Summary
Bacillus and Clostridium species are spore-forming bacilli that cause serious diseases in livestock and in humans. An important pathogen in this group of organisms is Bacillus anthracis is which is the causative agent of anthrax. The biochemical properties, structure, function, and mechanism of catalysis of the novel spore germination protease (GPR) that degrades small, acid soluble proteins (SASP) protecting spore’s DNA against damage and a novel, cofactor independent
phosphoglycerate mutase (iPGM) are described. A coat created from SASP synthesized during sporulation protects DNA in spores and later in the germination this protective coat is removal by a novel GPR protease. GPR does not resemble in its structure any other known
protein and functionally likely belongs to a novel class of proteases utilizing glutamic acid residue in its catalysis in order to degrade SASP. This process provides amino acids necessary for synthesis of other proteins or enzymes necessary in vegetative state.

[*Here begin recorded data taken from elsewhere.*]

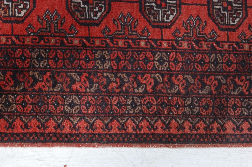 A late mid 20th century Bordjalou Kazak Southeast Caucasian carpet rug runner having multiple hexagonal shaped medallion to the red field with Caucasian symbols motifs surrounded by multiple borders with floral motifs and white fringes to each end. Measures approx.: 270cm long x 87cm wide.
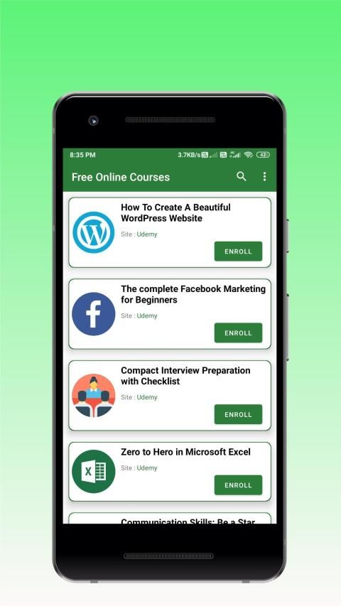 All the courses listed in this app from Udemy or any other site may be available free for only a limited period of time. So keep checking the app for new and latest courses.
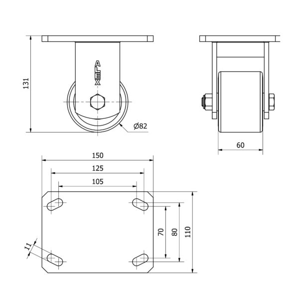 Rueda nylon-poliamida fija Alex diametro 82 mm. modelo 2-3998
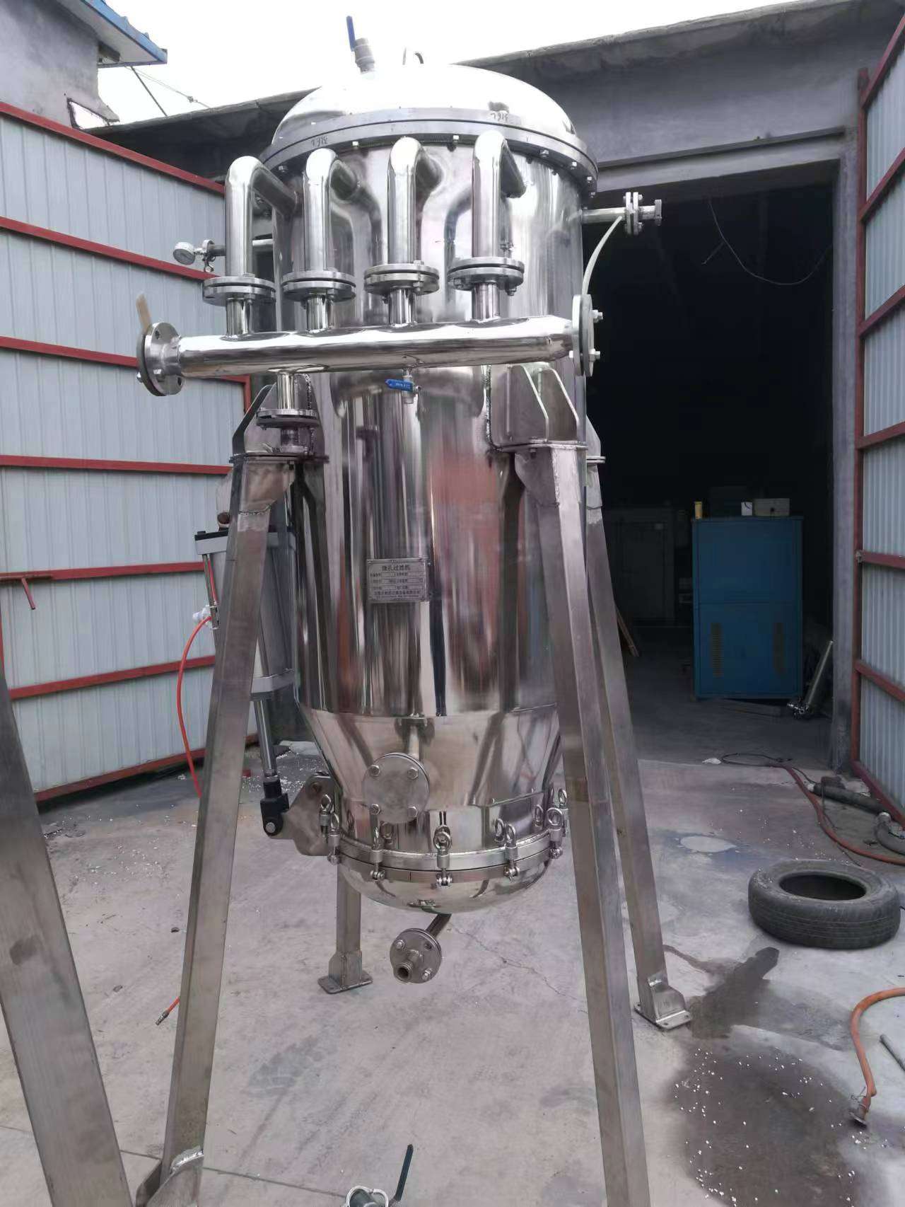 產品特點:過濾精度高,使用壽命長,用“氣-水混合流體”快速反吹法,可對微孔管進行高效、簡單的物理再生,微孔管可長期使用,耐腐蝕性能優越及排渣操作便捷,啟閉快速穩定可靠。在密閉機體內懸掛微孔濾芯,具有單位體積內過濾面積大,占地面積小的優點,機體設有主過濾區能將物料快速過濾完,輔助過濾區能將機內剩余物料一次過濾完,不留殘液。

In addition during the spore creation process energy is stored in the form of 3-phosphoglycerate by downregulating a novel, diphosphoglycerate independent iPGM. These depots of energy are utilized later by
the germinating spore in addition to the above source of amino acids. The two above enzymes are inherently involved in the processes of sporulation, spore germination and outgrowth. A combination of structural investigations and site-directed mutagenesis studies that were used to characterize the functional properties and the active sites of these novel proteins will be discussed. The understanding of functional properties of these enzymes contributes to a better
understanding of spore-forming organisms.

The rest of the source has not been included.